• _Problem to solve_:
Would you repeat word for word the lines of the listing that follows, from the one with "別名  烯炔菊酯 ;右旋反式炔戊菊酯, 烯炔菊酯,右旋-反式-2,2-二甲基-3-(2-甲基-1-丙烯基)環丙烷羧酸" up to and including the one with "When I originally", and leave out the images?

• _Record excerpts_:

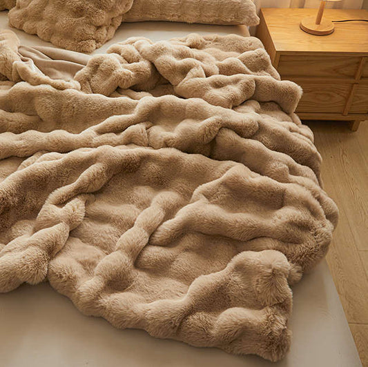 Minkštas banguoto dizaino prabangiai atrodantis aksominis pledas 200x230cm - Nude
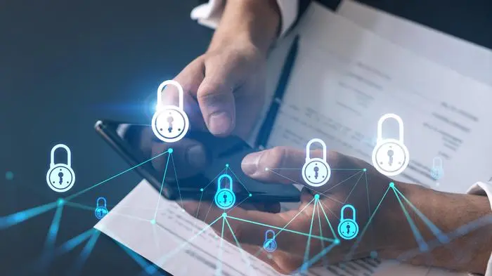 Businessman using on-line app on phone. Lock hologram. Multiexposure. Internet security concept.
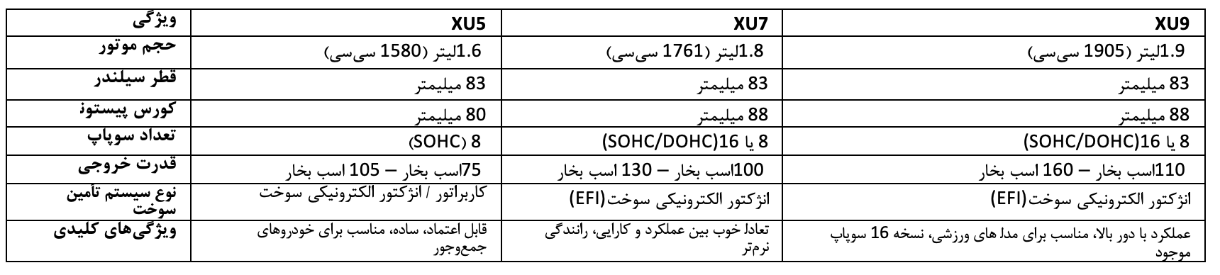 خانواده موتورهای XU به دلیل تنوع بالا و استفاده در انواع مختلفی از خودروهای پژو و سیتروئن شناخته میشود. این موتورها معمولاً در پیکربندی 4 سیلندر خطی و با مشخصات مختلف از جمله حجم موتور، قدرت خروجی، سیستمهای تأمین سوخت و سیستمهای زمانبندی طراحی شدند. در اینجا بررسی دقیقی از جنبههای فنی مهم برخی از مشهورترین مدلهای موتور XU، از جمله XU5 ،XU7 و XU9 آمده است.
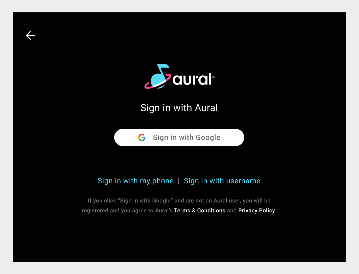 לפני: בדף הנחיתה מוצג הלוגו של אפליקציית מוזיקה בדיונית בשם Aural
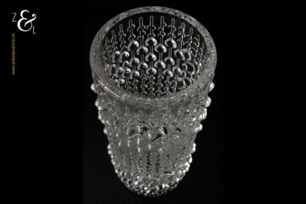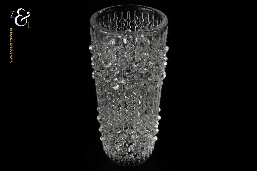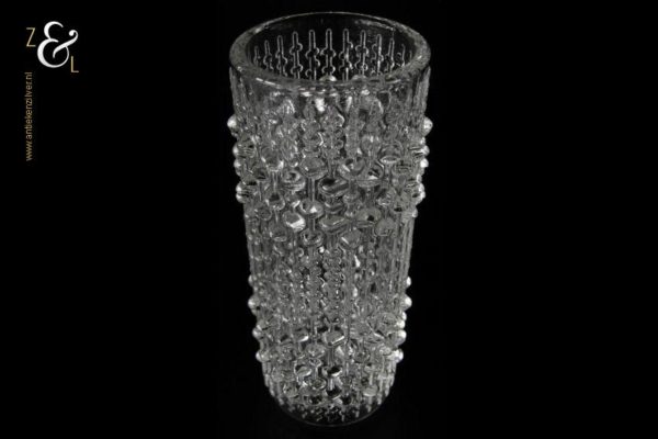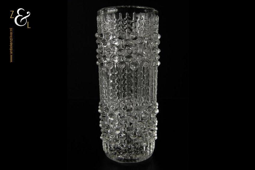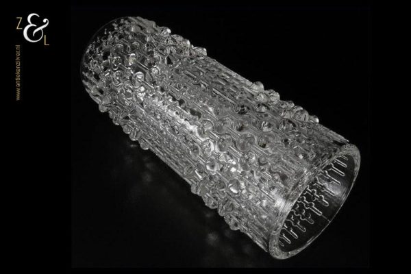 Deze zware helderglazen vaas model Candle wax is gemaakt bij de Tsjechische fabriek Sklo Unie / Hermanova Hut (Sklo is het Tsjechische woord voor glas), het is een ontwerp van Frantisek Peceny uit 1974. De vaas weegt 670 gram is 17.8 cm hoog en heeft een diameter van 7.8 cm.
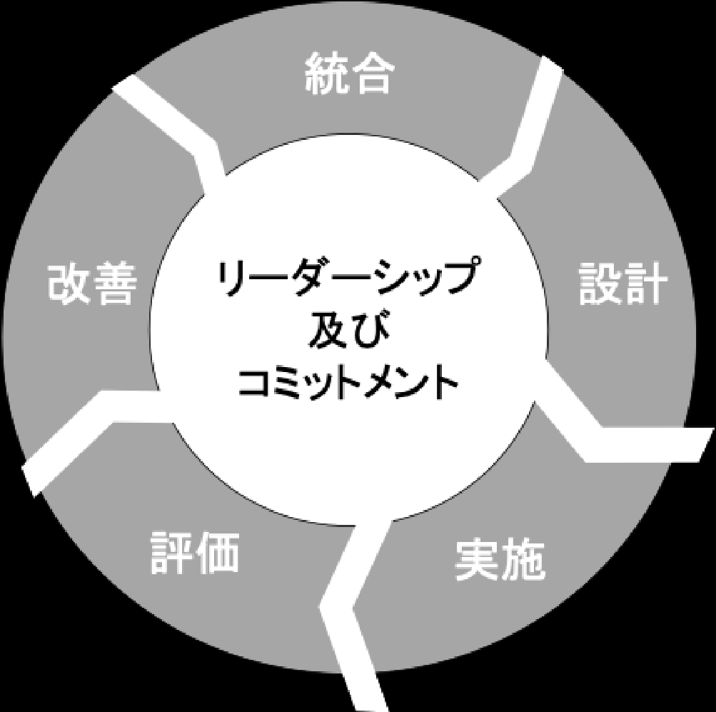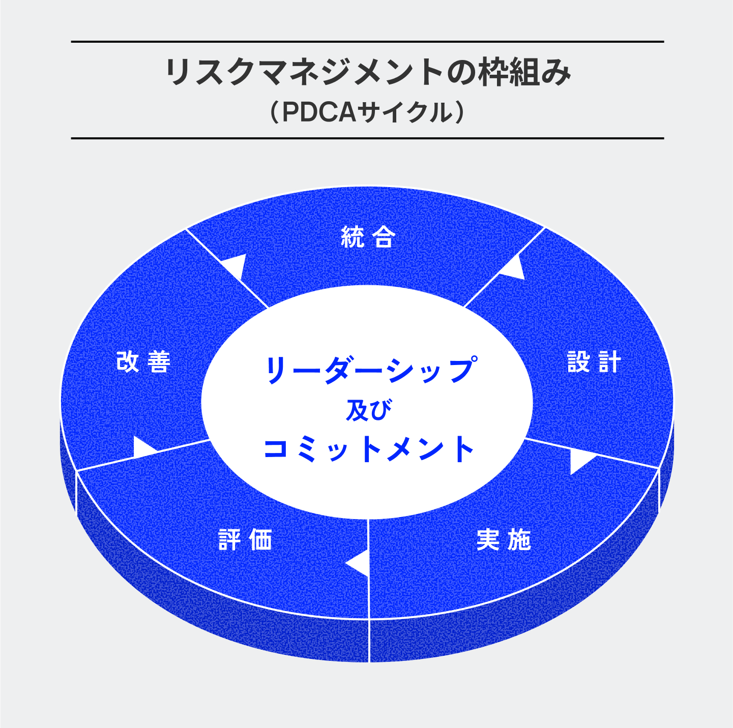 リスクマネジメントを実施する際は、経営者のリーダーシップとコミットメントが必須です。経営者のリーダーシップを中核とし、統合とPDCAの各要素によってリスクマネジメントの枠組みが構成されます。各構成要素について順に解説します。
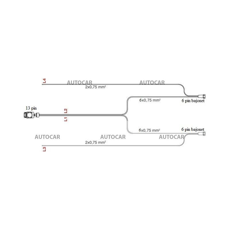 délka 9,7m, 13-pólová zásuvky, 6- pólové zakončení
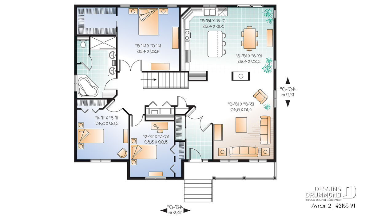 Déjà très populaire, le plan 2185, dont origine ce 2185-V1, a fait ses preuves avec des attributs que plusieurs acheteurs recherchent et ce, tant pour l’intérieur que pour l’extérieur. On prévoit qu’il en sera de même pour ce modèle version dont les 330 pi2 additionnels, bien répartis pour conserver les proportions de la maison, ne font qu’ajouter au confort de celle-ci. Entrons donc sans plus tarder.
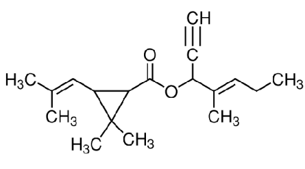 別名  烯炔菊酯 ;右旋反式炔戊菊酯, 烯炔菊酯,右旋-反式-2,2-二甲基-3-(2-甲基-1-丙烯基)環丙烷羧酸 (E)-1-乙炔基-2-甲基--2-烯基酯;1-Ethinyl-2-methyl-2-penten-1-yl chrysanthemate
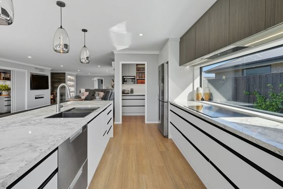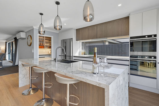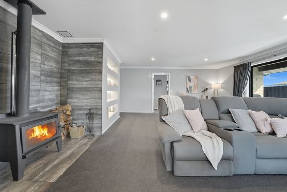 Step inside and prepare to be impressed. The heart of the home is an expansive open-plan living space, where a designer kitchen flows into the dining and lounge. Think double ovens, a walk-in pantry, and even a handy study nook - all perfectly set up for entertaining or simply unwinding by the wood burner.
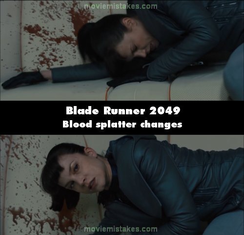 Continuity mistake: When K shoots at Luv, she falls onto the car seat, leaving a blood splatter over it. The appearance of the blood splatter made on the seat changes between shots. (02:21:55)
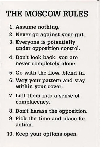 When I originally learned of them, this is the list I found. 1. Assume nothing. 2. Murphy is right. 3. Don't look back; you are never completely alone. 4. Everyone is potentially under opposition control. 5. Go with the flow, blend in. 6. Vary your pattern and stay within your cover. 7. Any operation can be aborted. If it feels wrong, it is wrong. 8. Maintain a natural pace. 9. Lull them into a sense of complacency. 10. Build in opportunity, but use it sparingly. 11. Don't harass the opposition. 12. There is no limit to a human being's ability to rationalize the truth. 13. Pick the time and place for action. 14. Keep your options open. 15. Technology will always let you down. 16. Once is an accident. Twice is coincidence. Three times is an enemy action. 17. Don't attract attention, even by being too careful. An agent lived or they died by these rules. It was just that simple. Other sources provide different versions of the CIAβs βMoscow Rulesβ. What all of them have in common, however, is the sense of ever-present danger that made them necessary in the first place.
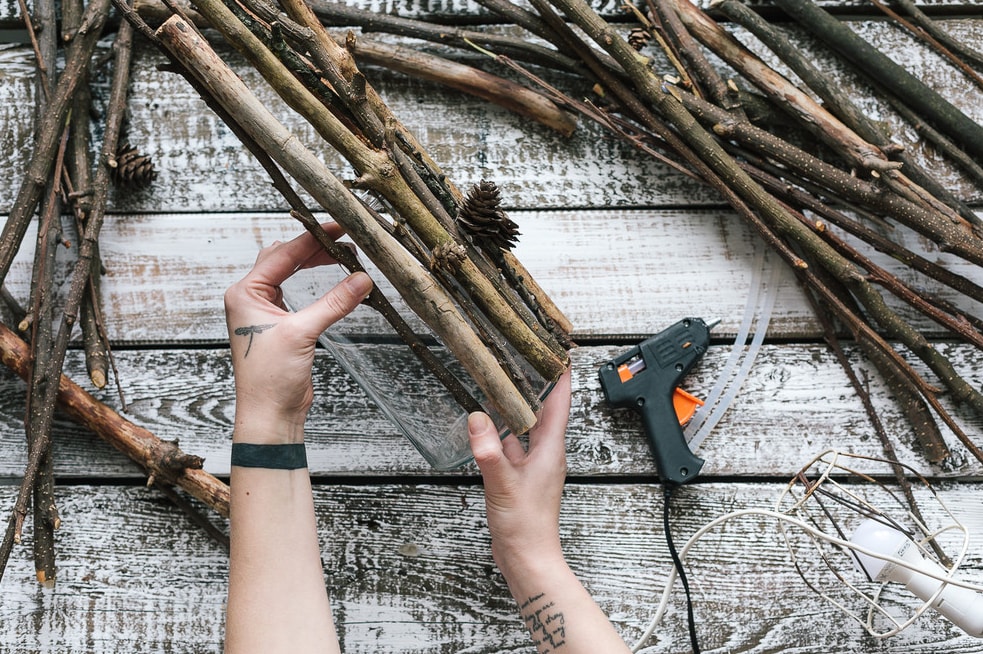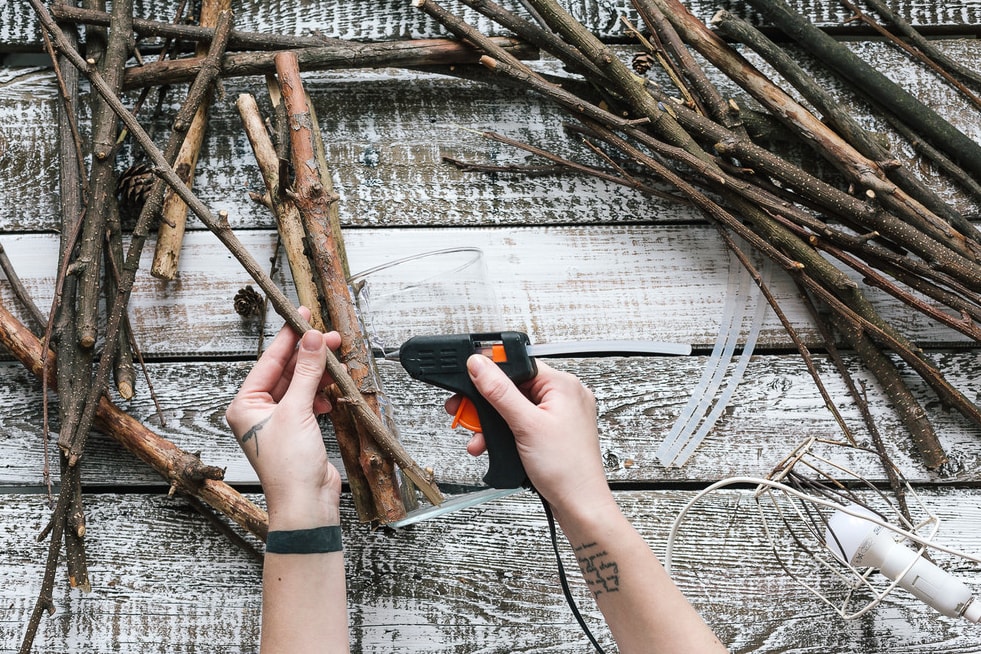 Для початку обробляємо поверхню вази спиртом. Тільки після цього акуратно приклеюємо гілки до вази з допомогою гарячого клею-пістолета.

• _Finished exercise_:
 別名  烯炔菊酯 ;右旋反式炔戊菊酯, 烯炔菊酯,右旋-反式-2,2-二甲基-3-(2-甲基-1-丙烯基)環丙烷羧酸 (E)-1-乙炔基-2-甲基--2-烯基酯;1-Ethinyl-2-methyl-2-penten-1-yl chrysanthemate
 Step inside and prepare to be impressed. The heart of the home is an expansive open-plan living space, where a designer kitchen flows into the dining and lounge. Think double ovens, a walk-in pantry, and even a handy study nook - all perfectly set up for entertaining or simply unwinding by the wood burner.
 Continuity mistake: When K shoots at Luv, she falls onto the car seat, leaving a blood splatter over it. The appearance of the blood splatter made on the seat changes between shots. (02:21:55)
 When I originally learned of them, this is the list I found. 1. Assume nothing. 2. Murphy is right. 3. Don't look back; you are never completely alone. 4. Everyone is potentially under opposition control. 5. Go with the flow, blend in. 6. Vary your pattern and stay within your cover. 7. Any operation can be aborted. If it feels wrong, it is wrong. 8. Maintain a natural pace. 9. Lull them into a sense of complacency. 10. Build in opportunity, but use it sparingly. 11. Don't harass the opposition. 12. There is no limit to a human being's ability to rationalize the truth. 13. Pick the time and place for action. 14. Keep your options open. 15. Technology will always let you down. 16. Once is an accident. Twice is coincidence. Three times is an enemy action. 17. Don't attract attention, even by being too careful. An agent lived or they died by these rules. It was just that simple. Other sources provide different versions of the CIAβs βMoscow Rulesβ. What all of them have in common, however, is the sense of ever-present danger that made them necessary in the first place.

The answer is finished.